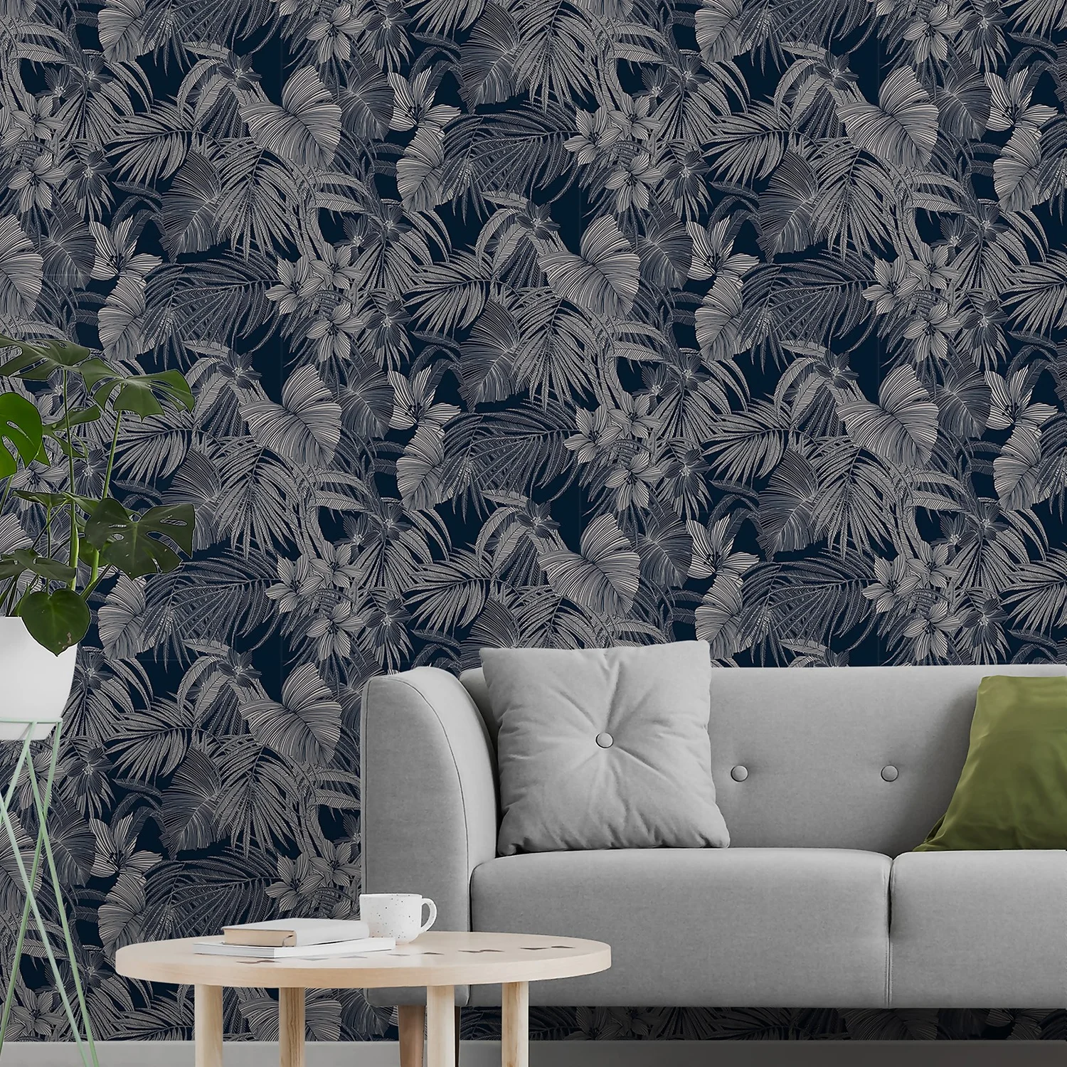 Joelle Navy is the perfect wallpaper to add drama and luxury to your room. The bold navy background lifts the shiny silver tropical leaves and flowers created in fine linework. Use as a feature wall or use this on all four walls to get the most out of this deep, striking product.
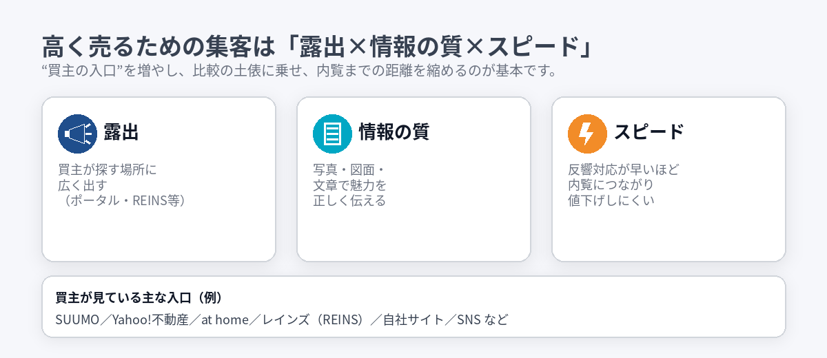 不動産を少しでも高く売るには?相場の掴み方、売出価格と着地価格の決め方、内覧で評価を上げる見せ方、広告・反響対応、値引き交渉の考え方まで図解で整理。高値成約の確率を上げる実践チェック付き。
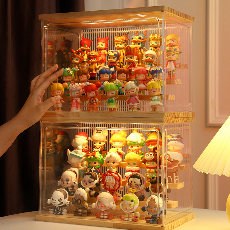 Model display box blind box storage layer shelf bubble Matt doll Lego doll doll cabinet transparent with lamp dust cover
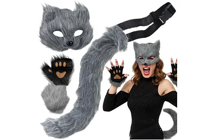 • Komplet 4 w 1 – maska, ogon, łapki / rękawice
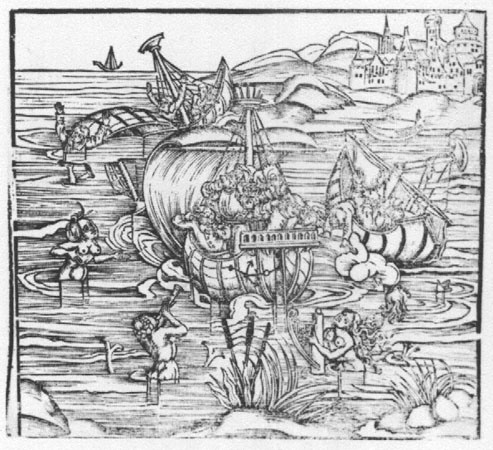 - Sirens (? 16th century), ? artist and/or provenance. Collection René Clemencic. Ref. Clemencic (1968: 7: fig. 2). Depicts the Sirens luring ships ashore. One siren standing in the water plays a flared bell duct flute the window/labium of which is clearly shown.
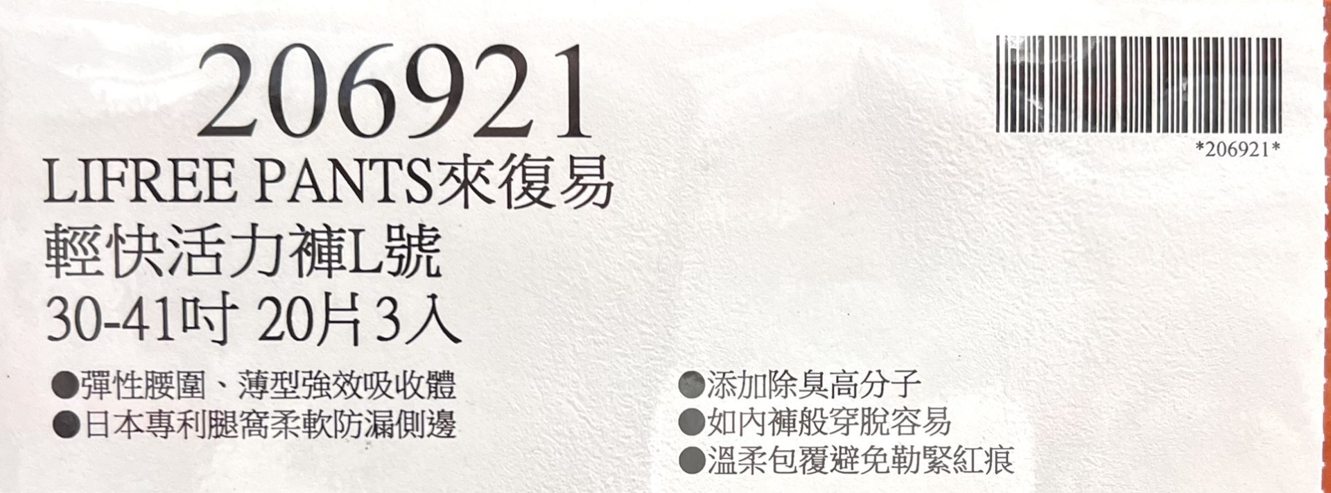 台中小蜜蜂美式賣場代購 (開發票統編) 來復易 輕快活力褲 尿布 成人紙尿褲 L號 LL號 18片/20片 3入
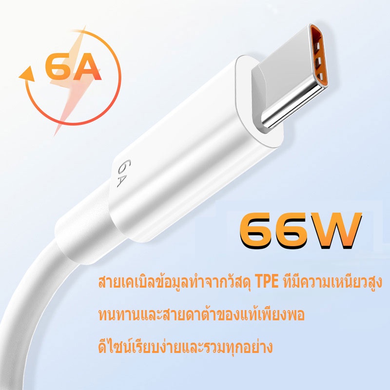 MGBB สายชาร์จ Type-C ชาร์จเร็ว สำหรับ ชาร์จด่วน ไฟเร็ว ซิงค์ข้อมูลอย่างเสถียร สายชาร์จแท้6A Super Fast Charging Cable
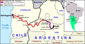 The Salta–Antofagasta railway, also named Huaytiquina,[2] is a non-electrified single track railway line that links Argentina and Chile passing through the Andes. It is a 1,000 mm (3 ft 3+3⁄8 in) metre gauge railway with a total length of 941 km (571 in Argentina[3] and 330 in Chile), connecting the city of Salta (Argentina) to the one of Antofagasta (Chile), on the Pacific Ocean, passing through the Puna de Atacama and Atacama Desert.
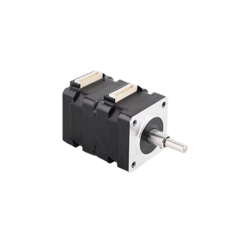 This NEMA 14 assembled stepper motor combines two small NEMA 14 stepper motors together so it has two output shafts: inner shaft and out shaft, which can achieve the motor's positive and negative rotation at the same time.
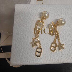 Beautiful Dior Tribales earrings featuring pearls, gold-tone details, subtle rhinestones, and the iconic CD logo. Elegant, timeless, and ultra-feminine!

__Exercise__
Could you set down every entry above exactly as it stands, with no images?

__Exercise response__
 Joelle Navy is the perfect wallpaper to add drama and luxury to your room. The bold navy background lifts the shiny silver tropical leaves and flowers created in fine linework. Use as a feature wall or use this on all four walls to get the most out of this deep, striking product.
 不動産を少しでも高く売るには?相場の掴み方、売出価格と着地価格の決め方、内覧で評価を上げる見せ方、広告・反響対応、値引き交渉の考え方まで図解で整理。高値成約の確率を上げる実践チェック付き。
 Model display box blind box storage layer shelf bubble Matt doll Lego doll doll cabinet transparent with lamp dust cover
 • Komplet 4 w 1 – maska, ogon, łapki / rękawice
 - Sirens (? 16th century), ? artist and/or provenance. Collection René Clemencic. Ref. Clemencic (1968: 7: fig. 2). Depicts the Sirens luring ships ashore. One siren standing in the water plays a flared bell duct flute the window/labium of which is clearly shown.
 台中小蜜蜂美式賣場代購 (開發票統編) 來復易 輕快活力褲 尿布 成人紙尿褲 L號 LL號 18片/20片 3入
 MGBB สายชาร์จ Type-C ชาร์จเร็ว สำหรับ ชาร์จด่วน ไฟเร็ว ซิงค์ข้อมูลอย่างเสถียร สายชาร์จแท้6A Super Fast Charging Cable
 The Salta–Antofagasta railway, also named Huaytiquina,[2] is a non-electrified single track railway line that links Argentina and Chile passing through the Andes. It is a 1,000 mm (3 ft 3+3⁄8 in) metre gauge railway with a total length of 941 km (571 in Argentina[3] and 330 in Chile), connecting the city of Salta (Argentina) to the one of Antofagasta (Chile), on the Pacific Ocean, passing through the Puna de Atacama and Atacama Desert.
 This NEMA 14 assembled stepper motor combines two small NEMA 14 stepper motors together so it has two output shafts: inner shaft and out shaft, which can achieve the motor's positive and negative rotation at the same time.
 Beautiful Dior Tribales earrings featuring pearls, gold-tone details, subtle rhinestones, and the iconic CD logo. Elegant, timeless, and ultra-feminine!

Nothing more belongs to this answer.